→ **WHAT THE EXERCISE ASKS**:
In the material below, find the line with "Oval carabiner with" and the line with "Se coloca el". Output exactly those two lines and all lines between them, leaving out pictures.

→ **DATA TO EXAMINE**:
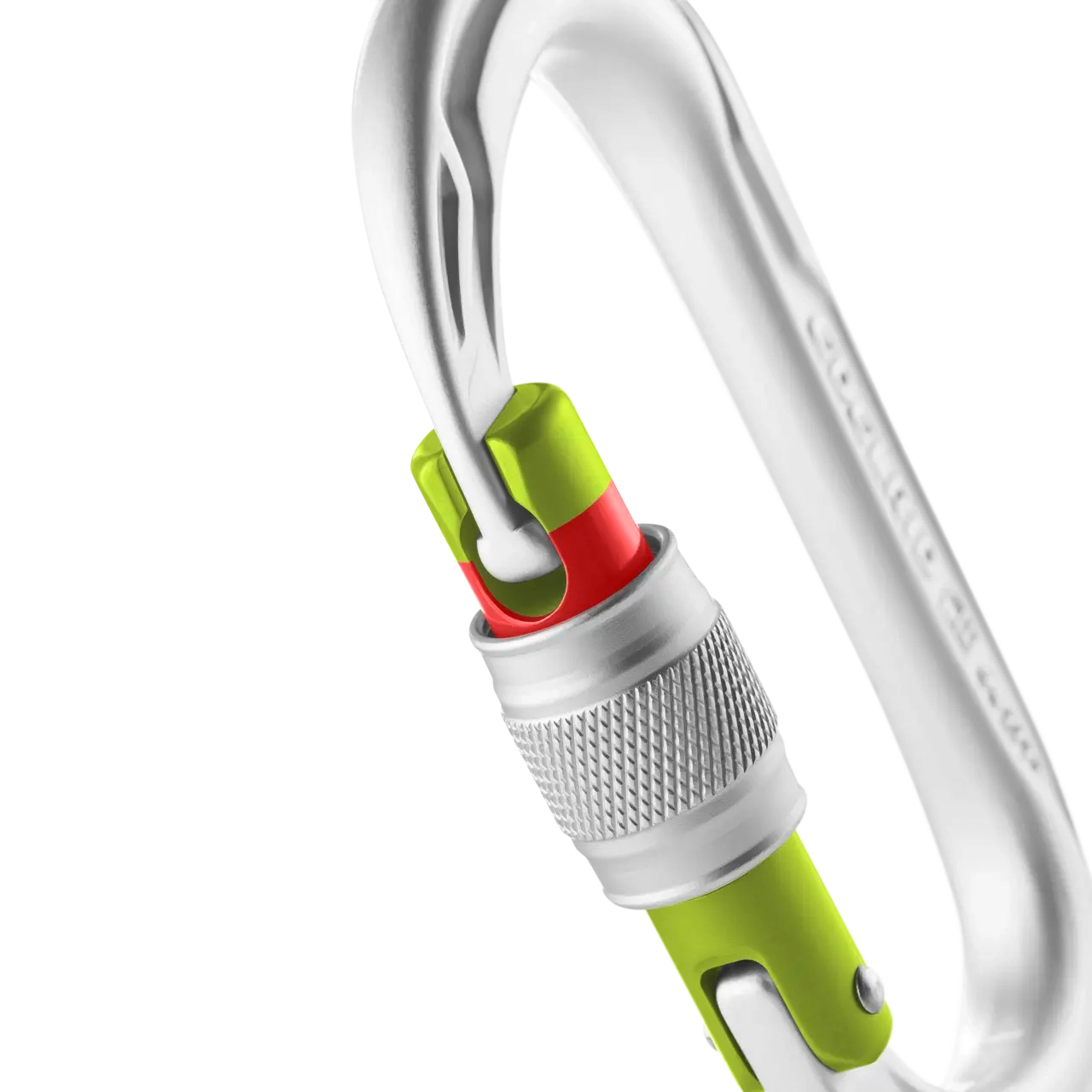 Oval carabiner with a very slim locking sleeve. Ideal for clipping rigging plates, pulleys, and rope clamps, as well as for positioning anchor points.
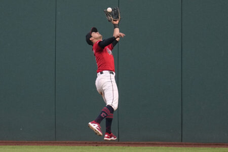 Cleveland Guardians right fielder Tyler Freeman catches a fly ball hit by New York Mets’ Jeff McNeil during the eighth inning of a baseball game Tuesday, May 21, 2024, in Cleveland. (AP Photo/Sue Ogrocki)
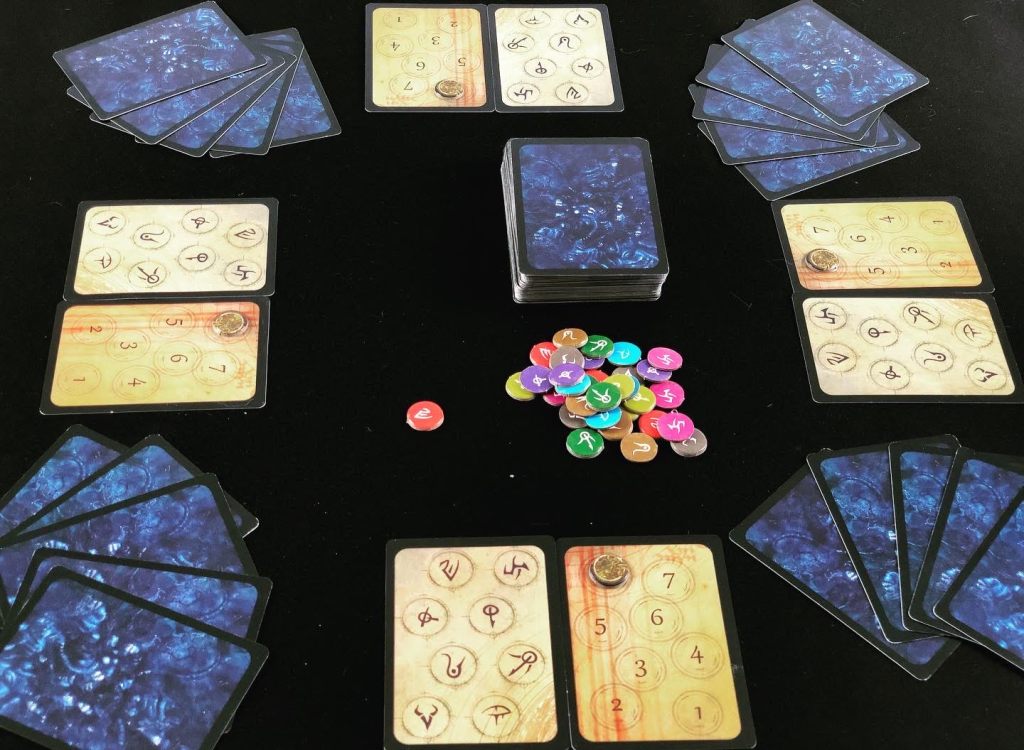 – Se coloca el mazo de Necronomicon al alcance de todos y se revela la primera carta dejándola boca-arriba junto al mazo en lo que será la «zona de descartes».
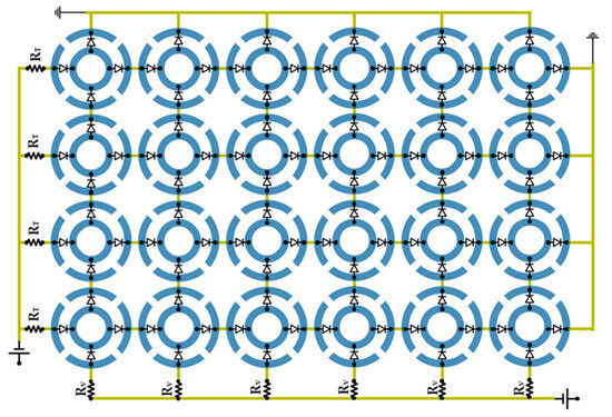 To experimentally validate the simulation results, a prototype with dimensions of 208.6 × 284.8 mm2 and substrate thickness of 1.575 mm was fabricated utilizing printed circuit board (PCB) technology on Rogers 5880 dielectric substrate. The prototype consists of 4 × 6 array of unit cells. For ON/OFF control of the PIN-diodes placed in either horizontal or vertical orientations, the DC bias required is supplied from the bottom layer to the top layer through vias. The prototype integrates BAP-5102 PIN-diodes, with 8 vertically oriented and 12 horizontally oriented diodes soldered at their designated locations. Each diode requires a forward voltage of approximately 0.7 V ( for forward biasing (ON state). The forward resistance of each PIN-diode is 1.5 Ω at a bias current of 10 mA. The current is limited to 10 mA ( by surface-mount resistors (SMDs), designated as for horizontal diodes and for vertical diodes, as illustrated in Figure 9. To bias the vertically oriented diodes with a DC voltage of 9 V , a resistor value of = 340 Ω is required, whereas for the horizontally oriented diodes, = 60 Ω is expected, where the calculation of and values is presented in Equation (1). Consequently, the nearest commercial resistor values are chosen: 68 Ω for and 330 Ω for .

---

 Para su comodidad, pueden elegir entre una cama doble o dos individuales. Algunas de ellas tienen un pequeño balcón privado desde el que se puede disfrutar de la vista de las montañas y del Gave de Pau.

→ **COMPLETED TASK**:
 Oval carabiner with a very slim locking sleeve. Ideal for clipping rigging plates, pulleys, and rope clamps, as well as for positioning anchor points.
 Cleveland Guardians right fielder Tyler Freeman catches a fly ball hit by New York Mets’ Jeff McNeil during the eighth inning of a baseball game Tuesday, May 21, 2024, in Cleveland. (AP Photo/Sue Ogrocki)
 – Se coloca el mazo de Necronomicon al alcance de todos y se revela la primera carta dejándola boca-arriba junto al mazo en lo que será la «zona de descartes».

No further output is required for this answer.